The government will tell teachers how to teach the basics as part of a major overhaul of maths and literacy teaching.
The Literacy, Communication and Maths Strategy and Hei Raukura Mō Te Mokopuna launched today are aimed at reversing New Zealand's 20-year decline in maths, reading and writing.
The English-medium strategy promised to "safeguard maths teaching and learning time" and develop a "common practice model" that would ensure teachers in all schools were using approaches to maths and literacy teaching that were proven to work.
Those approaches included the Better Start Literacy programme which emphasised phonics or the sounds different letters make, and less grouping of children according to their perceived ability.
The strategy would give teachers more guidance about the sequence of learning they should expect to see in their pupils, and develop a specialist maths workforce to work with students who need extra help.
It would also refresh the curriculum and review the tests teachers used to assess how well children were performing
Associate Education Minister Jan Tinetti, herself a former teacher and school principal, said many of the measures were already available but teachers needed training so they could adopt them more widely.
"No teacher I've ever worked with has ever worked with has wanted to be bad in front of a classroom of young people but they need the supports and the resources to lift their practice. They want this but they need to be supported in doing that and we're up for that challenge," she said.
Berhampore School principal Mark Potter said teachers had never stopped using phonics, but he agreed they needed more help finding the most effective teaching strategies.
"There's been a lot of work having to be put in by each school, each teacher to try and make sense of what's out there. What this report is looking at doing is trying to remove a lot of that burden, to actually get some really good qualified, experienced people to pull together a sound, planned idea of progression that means a lot of that burden is not on the school and the individual teachers," he said.
Potter, who is also vice-president of the Educational Institute, said he also liked the strategy's plan to create greater links between the school curriculum and the early childhood curriculum, Te Whāriki.
"That's very important to developing children's literacy," he said.
Berhampore School literacy leader Michelle McCracken said the strategy had come at a time when literacy and numeracy were at the forefront of teachers' thinking.
"It's very much on top for us and very much based on the data that we're gathering about the kids, anecdotally when we have the kids in front of us and the standardised [testing] approaches we're also seeing this worrying trend of low levels of literacy from our children walking in the door but also walking out the door," she said.
McCracken said she was pleased to see the strategy included a system of "safety nets" for learners and evidence-based help for children who struggled, including those problems such as dyslexia.
But she warned that the ministry would not be able to force teachers to use particular teaching methods.

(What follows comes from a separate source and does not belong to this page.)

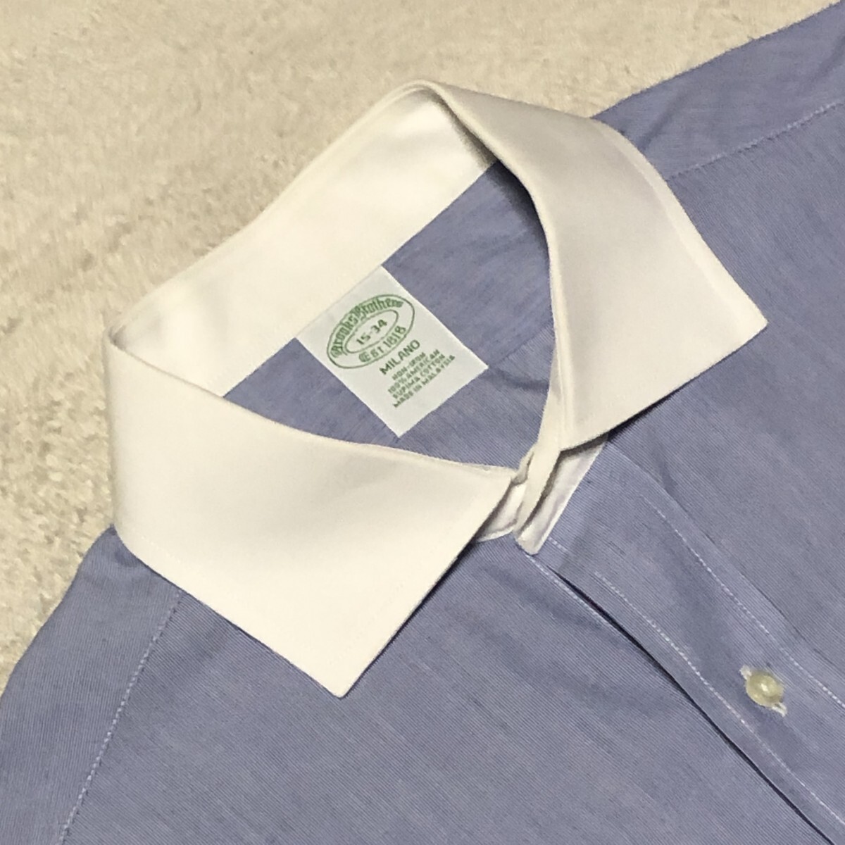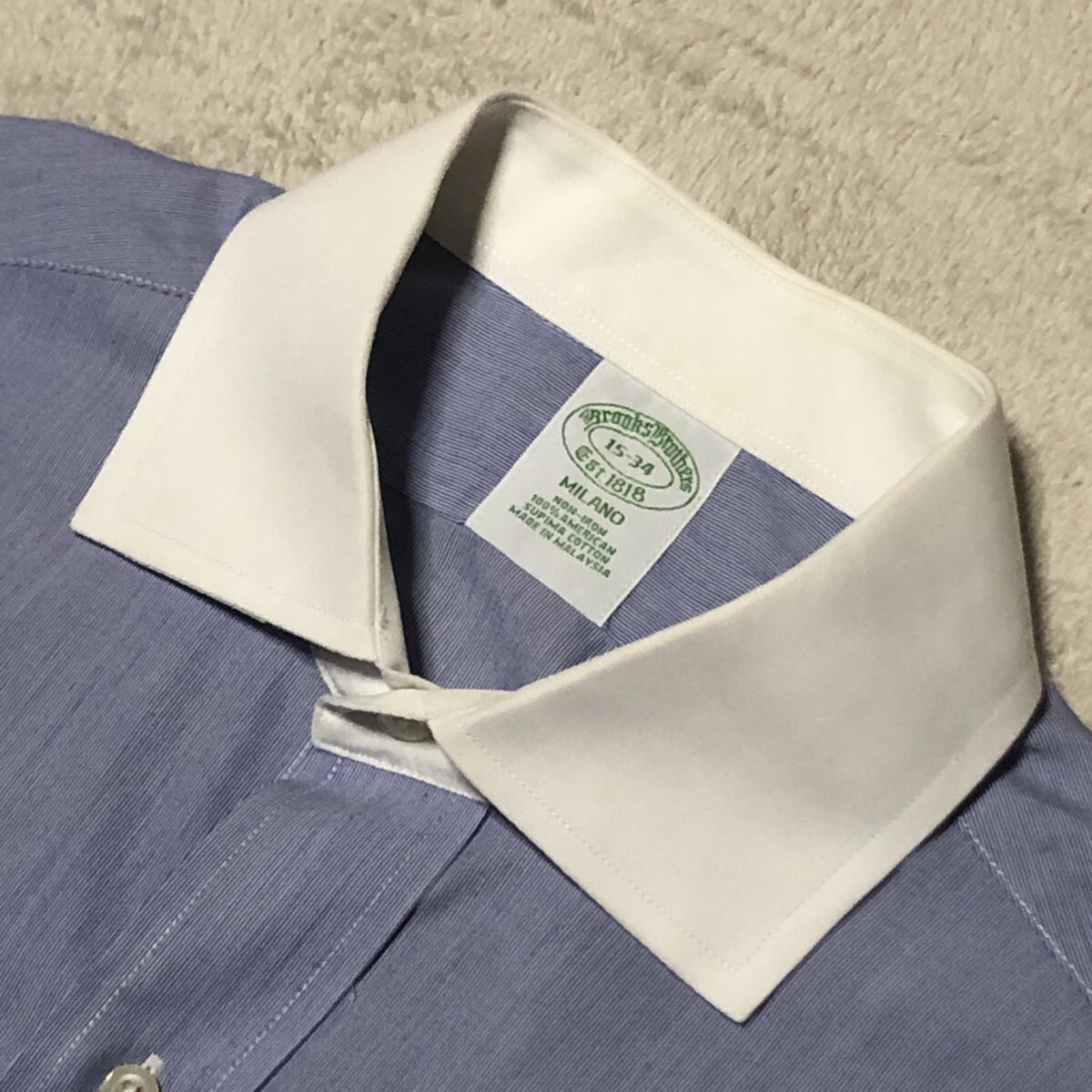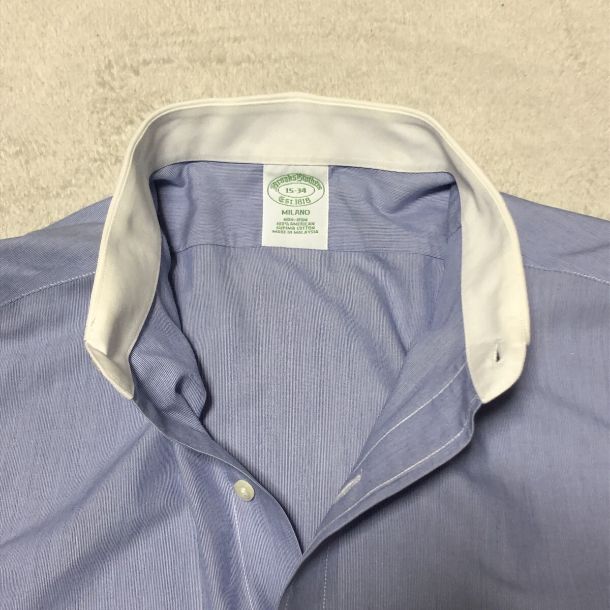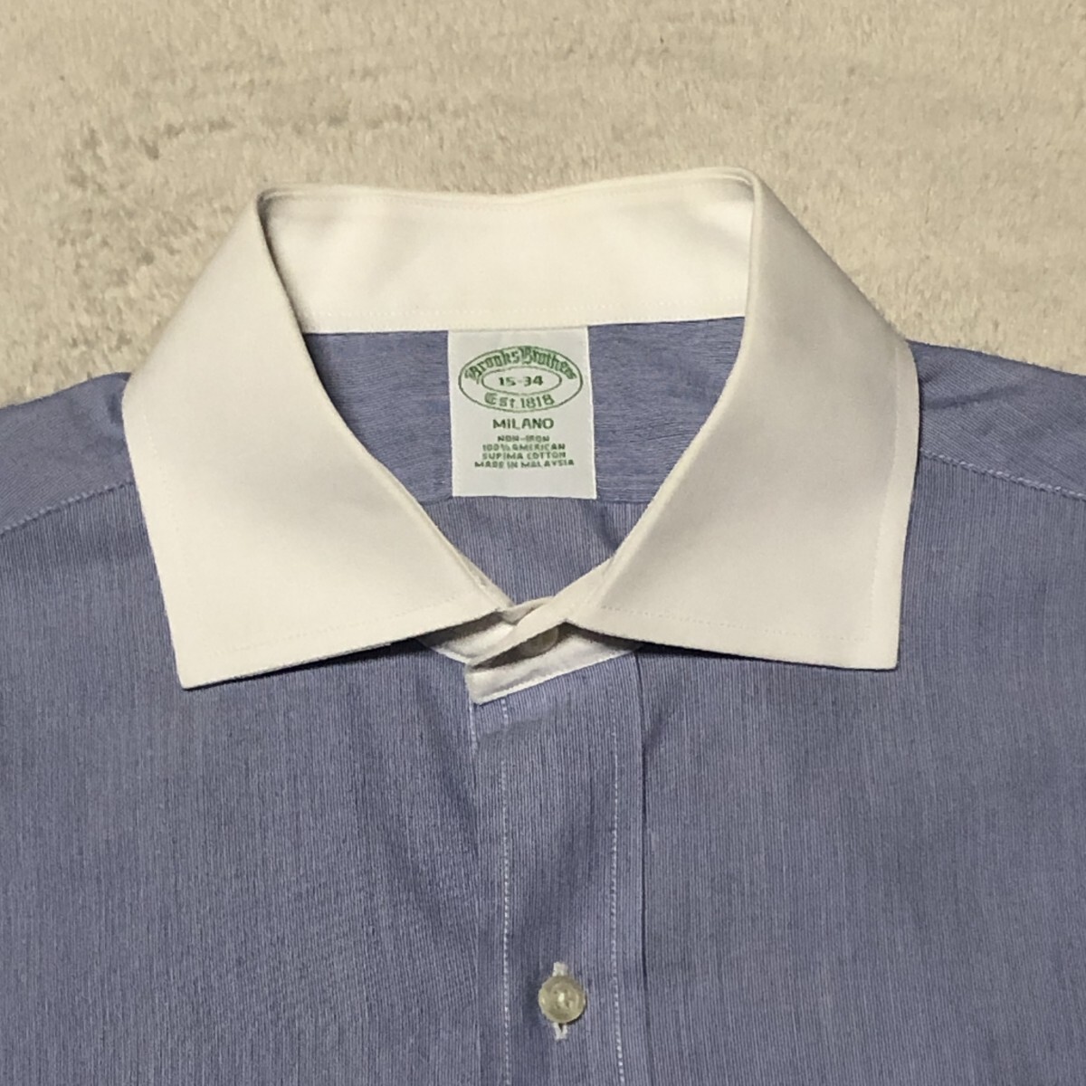 Brooks Brothers ブルックスブラザーズ 長袖シャツ ドレスシャツ 襟切り替え ブルー系 MILANO 15-34サイズ Mサイズ相当

"If the ministry comes at us with like 'these are the seven approved tools that we want you use' there'll be push-back because we'll go 'at our school we use these tools because we see the efficacy in them'. So as long as it's a dialogue between teachers and the ministry," she said.
Wellington's Discovery School principal Kaylene Macnee was at the strategy launch and said she was optimistic that it would work.
"The link to the curriculum, with that happening at the same time the refresh of the curriculum, I'm optimistic that that's going to give us greater clarity for our teachers to know what to teach, when to teach it, how to do it best," she said.